Polskie Składy Budowlane – bo w grupie korzystniej
Przynależność do grupy daje szereg korzyści, przede wszystkim większe bezpieczeństwo i lepsze warunki zakupowe. Plusem jest też wiedza, jak prowadzić biznes – mówi Mirosław Lubarski, członek zarządu Grupy PSB
Co kryje się pod nazwą Polskie Składy Budowlane?

Mirosław Lubarski, członek zarządu Grupy PSB
Mirosław Lubarski – Nasza marka, istniejąca od 18 lat, obrazuje dystrybucję materiałów budowlanych w ramach dwóch kanałów. Z jednej strony mamy sieć marketów budowlanych „Mrówka”, lokowanych w miejscowościach powiatowych oraz gminnych. Oferują one od kilku do kilkudziesięciu tysięcy produktów niezbędnych do utrzymania domu i ogrodu oraz przeprowadzenia remontu.

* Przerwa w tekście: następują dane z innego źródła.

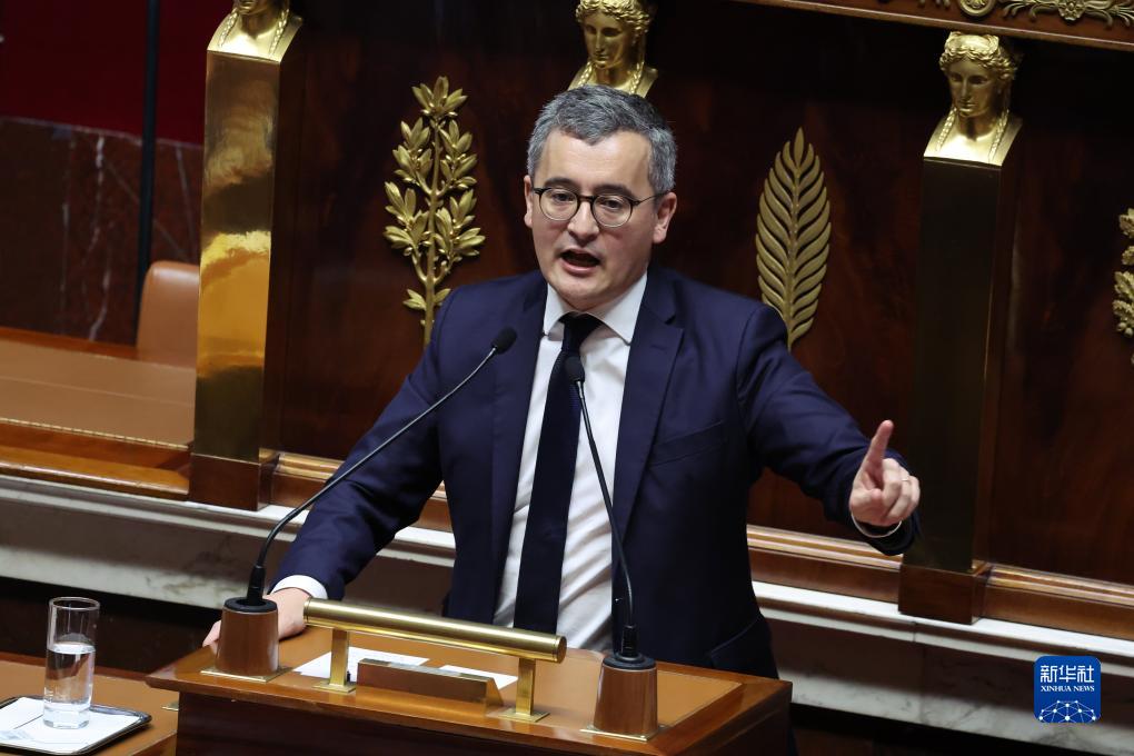 12月19日,在法国巴黎国民议会关于新移民法投票现场,法国内政部长达尔马宁在投票前发言。
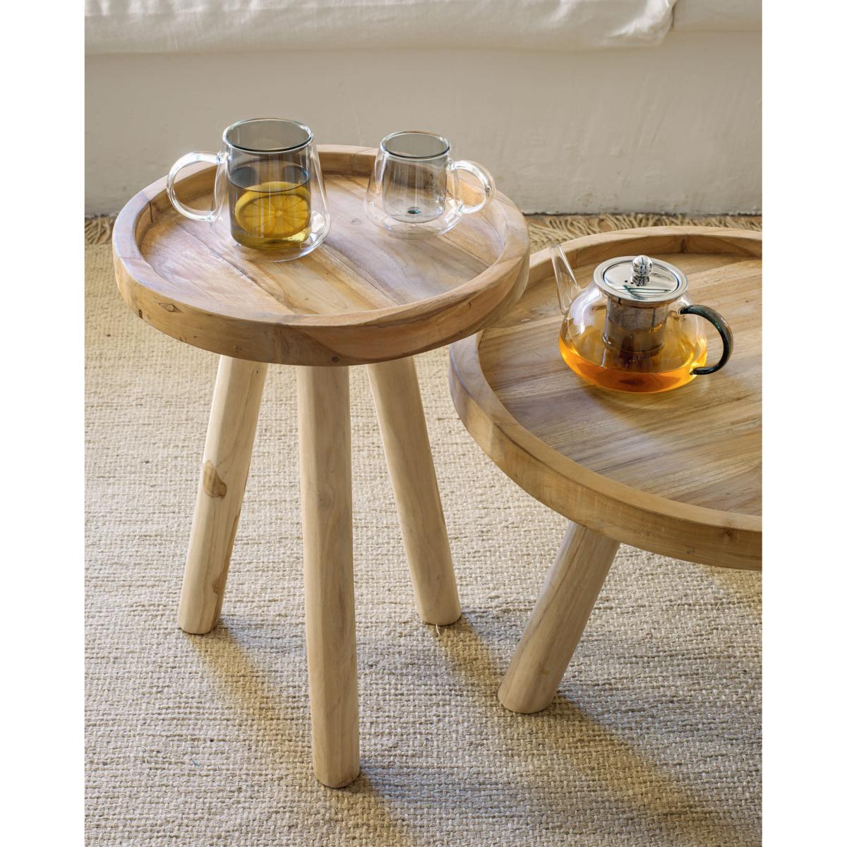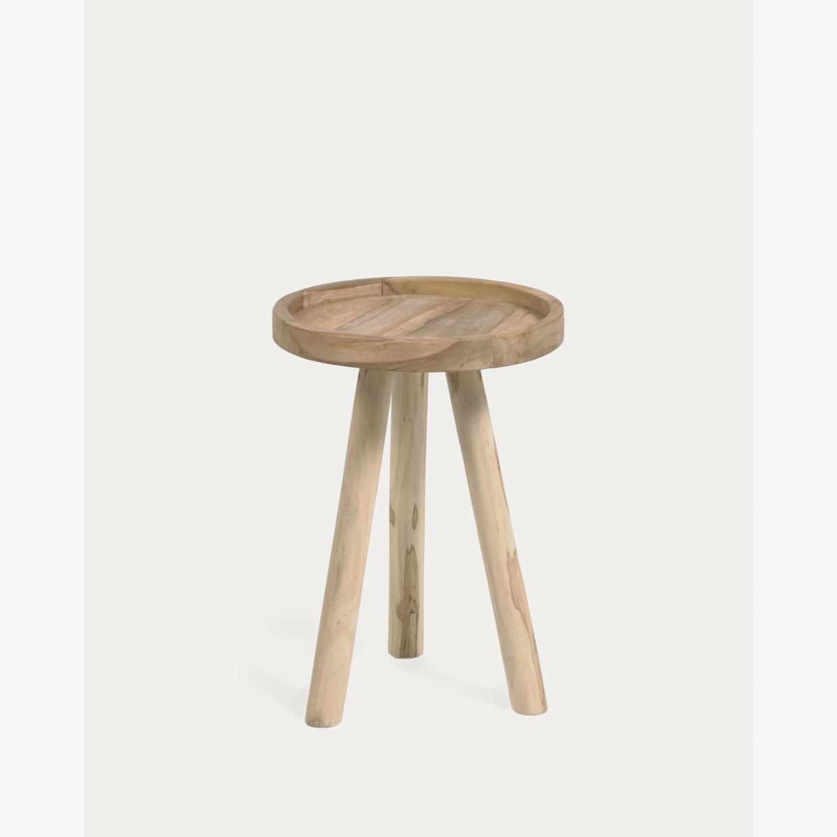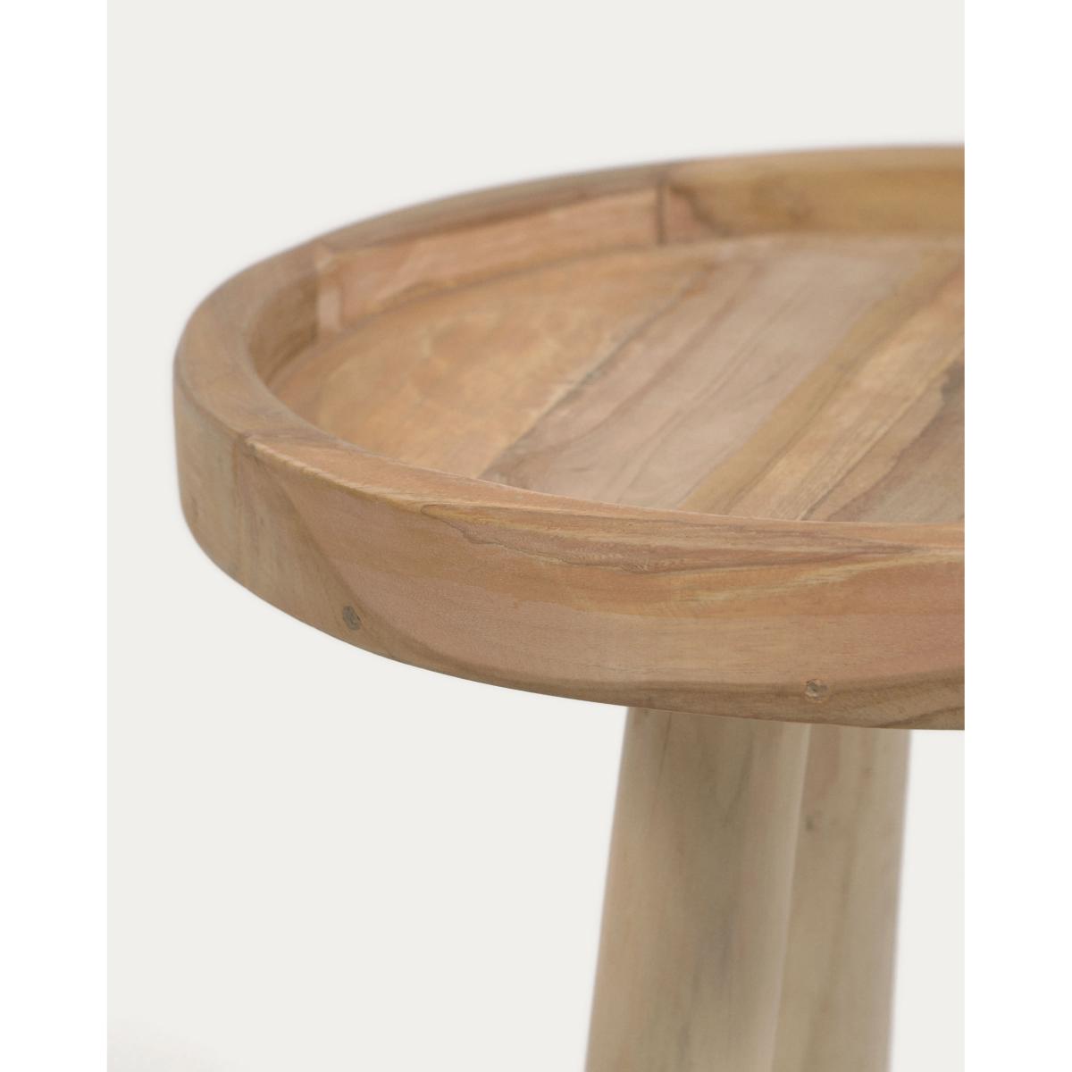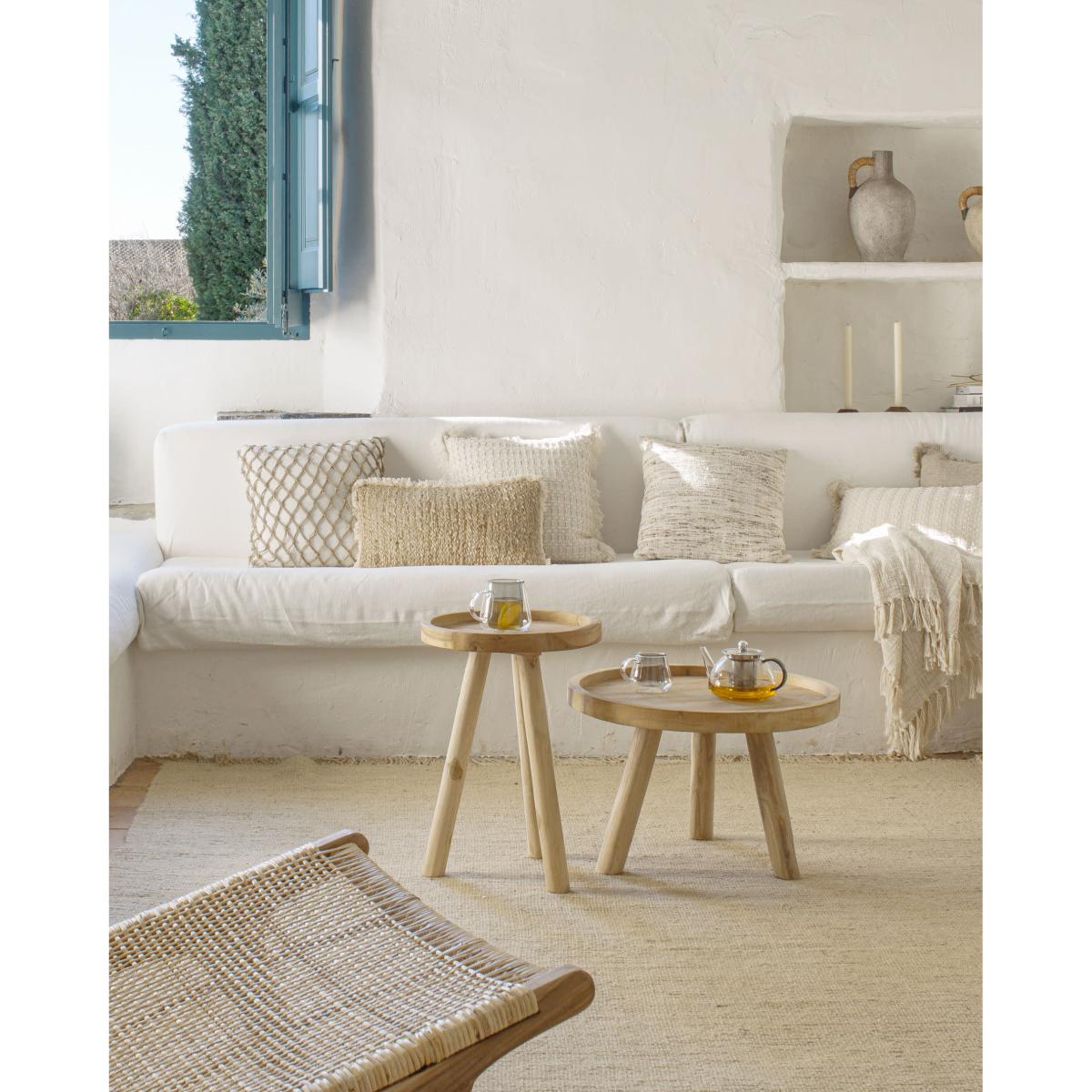 I’m a fan of this little teak side table for its clean lines and natural tone - it suits everything from Scandi-minimal and coastal schemes to more rustic or boho living rooms. Its compact Ø 35 cm top makes it ideal beside an armchair or sofa without overwhelming tight spaces. Styling-wise, I’d pair it with a simple ceramic table lamp or a small stack of art books and a single stem in a slender glass vase. Because the top has a shallow lip, it also works well for corralling candles or holding a morning coffee tray without anything slipping off.

Równolegle prowadzimy sprzedaż hurtową, na którą składają się składy oraz nasze najnowsze dziecko – Profi, czyli placówki zaopatrzenia w segmencie budownictwa wznoszeniowego, przede wszystkim mieszkaniowego, ale również inwestycji kubaturowych. W kanale hurtowym bardzo ważną grupę naszych klientów stanowią firmy wykonawcze, które pracują na zlecenie inwestora indywidualnego, dewelopera lub jednostki samorządu terytorialnego.
Są państwo obecni głównie w małych i średnich miastach. Czy duże ośrodki świadomie państwo pomijają w swojej strategii ze względu na dużą konkurencję?
Mirosław Lubarski – Zupełnie ich nie odpuściliśmy, bo duże miasta to jedna czwarta naszej działalności. W dużych miastach nie ma dość silnych podmiotów rodzinnych, które tworzą grupę PSB, a z drugiej strony jest dość silna konkurencja, która obsługuje inwestycje budowlane. Wreszcie w dużych miastach dominują projekty deweloperskie, do których realizacji materiały są sprowadzane bezpośrednio od producenta. Duże firmy wykonawcze też z reguły nie zaopatrują się w składach budowlanych.
Kto może zostać członkiem grupy PSB?
Mirosław Lubarski – Akceptujemy firmy kupieckie, które mają odpowiednią pozycję i określony udział w rynku lokalnym. Kandydujące podmioty są przez nas weryfikowane pod względem wielkości, oferowanego asortymentu, stabilności, wiarygodności. Jeśli spełnia nasze kryteria, staje się akcjonariuszem. Kupując 50 akcji, uzyskuje prawo do podpisania z nami umowy partnerskiej, która reguluje prawa i obowiązki wynikające ze współpracy w zakresie know-how, zakupów, działalności marketingowej i innych obszarów istotnych dla rozwoju Grupy PSB. Obecnie PSB tworzy około 350 firm kupieckich, które mają około 600 placówek, w tym Składy, Mrówki i Profi.
Co daje przynależność do Grupy?
Mirosław Lubarski – Używając języka przyrodniczego, w stadzie raźniej. Przynależność do grupy daje szereg korzyści, przede wszystkim większe bezpieczeństwo i lepsze warunki zakupowe. Plusem jest też wiedza, jak prowadzić biznes. Większość firm rodzinnych w Polsce wciąż jest prowadzona przez pierwsze pokolenie w sposób intuicyjny, bez solidnej wiedzy o zarządzaniu menedżerskim, a stare metody nie sprawdzają się na współczesnym rynku tak dobrze jak kiedyś.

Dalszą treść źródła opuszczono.